Intervention de Alain Richard

Réunion du 2 juin 2016 à 10h30
Autorités administratives indépendantes et autorités publiques indépendantes — Discussion en deuxième lecture d'une proposition de loi et d'une proposition de loi organique dans les textes de la commission modifiés

Photo de Alain RichardAlain Richard :

Madame la présidente, monsieur le secrétaire d’État, mes chers collègues, nous poursuivons donc, sur ce sujet d’une certaine complexité, une évolution législative constructive, dont je redirai ultérieurement quelques mots.

Au fond, nous sommes en train de concrétiser une intention progressivement partagée, dirai-je, de clarification, de mise en cohérence, et donc de stabilisation des autorités administratives indépendantes, qui sont une composante de notre État.

Cela nous conduit à aborder différents sujets de réflexion institutionnels, sur lesquels un dialogue approfondi et un travail législatif pluraliste se déploient.
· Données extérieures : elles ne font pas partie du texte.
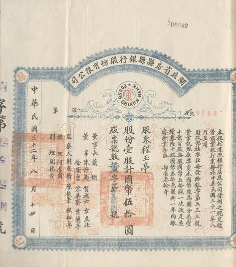 这是一张民国三十二年(1943年)八月十日发行的股票,由“湖北省房县县银行股份有限公司”发行,股东为程玉亭,董事长为萧杰。此外,股票还刊登有董事、监察人、经理、副经理等人员名单。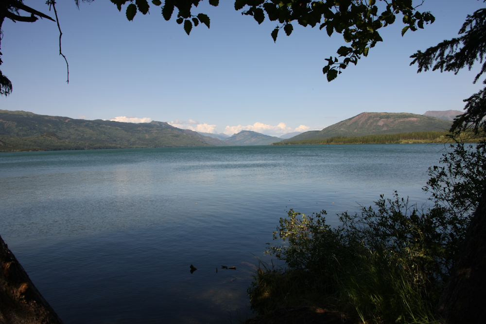From there, we continued south on the Cassiar highway to Lake Kinaskan where we spent the night. The shot above was taken from the back porch of the camper. The camp site was nice, but also very buggy. We put the mosquito net up again and were better about sealing the camper cabin and no real issues with the bugs until we came out from the net in the morning. This time, there were dozens in the cabin, not hundreds. But, our electronic hand-held bug zapper made short work of the little pests. There is nothing like the thrill of watching the bug sparkle and pop as the current vaporizes his body (containing, I am sure, some of YOUR precious bodily fluids).

Il convient à mon sens de saluer le fait que, à l’issue de ce travail, nous aurons abouti à une certaine reconnaissance par le législateur du rôle régulateur de ces instances, par nature collégiales et chargées, au sein de l’État – j’insiste sur ce point –, de prendre des décisions débattues publiquement et cohérentes dans la durée pour exercer des missions de protection des droits de la personne dans des domaines spécialisés ou pour assurer l’équilibre sectoriel de branches d’activité où se confrontent des impératifs de concurrence et de liberté d’entreprise, d’une part, et de services d’intérêt général, d’autre part.

Si des termes assez critiques ont pu être employés à propos des motifs de création et de développement de ces autorités, il faut aussi se rappeler la vision que beaucoup de nos concitoyens ont d’un État juge et partie, vision qui se développe tout particulièrement dans les moments critiques ou lors de mouvements de protestation ou de réclamation momentanés.
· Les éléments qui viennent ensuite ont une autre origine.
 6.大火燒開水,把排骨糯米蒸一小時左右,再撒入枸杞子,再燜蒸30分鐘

Au cours du travail qu’il m’a été demandé de piloter sur la question de la concertation en matière de projets de développement ou d’aménagement, cette question nous est revenue à la face : l’État peut-il vraiment donner place au pluralisme et à des conceptions diversifiées, alors qu’il est lui-même porteur de certains intérêts, fussent-ils généraux, et de pouvoirs de décision ?

Ce qui, selon moi, confère à ces autorités leur légitimité, c’est précisément le fait qu’elles relèvent d’une formule, sans doute encore amenée à se perfectionner et à se stabiliser, permettant de surmonter cette situation d’un État juge et partie. Les autorités et leurs membres font partie de l’État et, comme certains collègues l’ont fort judicieusement souligné, exercent des missions administratives, englobant un pouvoir de décision encadré par la loi. Ces institutions relèvent donc clairement de la branche exécutive de l’État, d’où une relation complexe, qui suppose un apprentissage mutuel, avec l’exécutif « de plein exercice ». Ainsi, quand une commission de régulation de l’énergie dispose de pouvoirs importants d’arbitrage, l’État, lorsqu’il redéfinit et développe sa politique énergétique, doit forcément en tenir compte. On pourrait multiplier les exemples sectoriels.
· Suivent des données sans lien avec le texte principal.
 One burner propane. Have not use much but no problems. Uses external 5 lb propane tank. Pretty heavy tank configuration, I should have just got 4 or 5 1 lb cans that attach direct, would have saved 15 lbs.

Les textes sur lesquels nous travaillons ont pour objet la fixation de principes généraux encadrant la structuration institutionnelle, le fonctionnement et donc les garanties d’ouverture au public de ces autorités administratives indépendantes, ce qui suppose aussi l’établissement d’un cadre déontologique.

Voilà quelques jours, certains d’entre nous étaient réunis avec des magistrats de la Cour de cassation pour réfléchir, là aussi de façon pluraliste, sur le sens de la notion d’indépendance d’une institution.

Dans le cas des autorités dont nous parlons, comment approcher d’une définition de cette indépendance ? La connaissance d’une matière complexe, une conception acquise de la régulation, reposant sur l’expérience, la capacité d’interpréter l’intérêt général, la volonté d’agir sous le regard du public, ce qui suppose aussi un certain sens du devoir, notion qu’il est utile de rappeler de temps en temps.

Beaucoup d’interrogations sur la relation de ces autorités avec le Parlement se sont exprimées. Nous avons bien senti, à différents moments du débat, que cette relation était empreinte d’une forme de frustration, comme si le rôle confié aux autorités administratives indépendantes retirait quelque chose à notre mission de contrôle. C’est d’ailleurs une des raisons pour lesquelles, au cours des travaux de la commission d’enquête, nous n’avons pas su trouver une réponse de principe à la question difficile de la présence ou pas de parlementaires au sein des autorités administratives indépendantes. Nombre de celles-ci ne comptent pas de parlementaires, et nous arrivons néanmoins à concevoir qu'elles présentent malgré tout un équilibre représentatif. Dans d’autres, au contraire, la présence de parlementaires semble indispensable.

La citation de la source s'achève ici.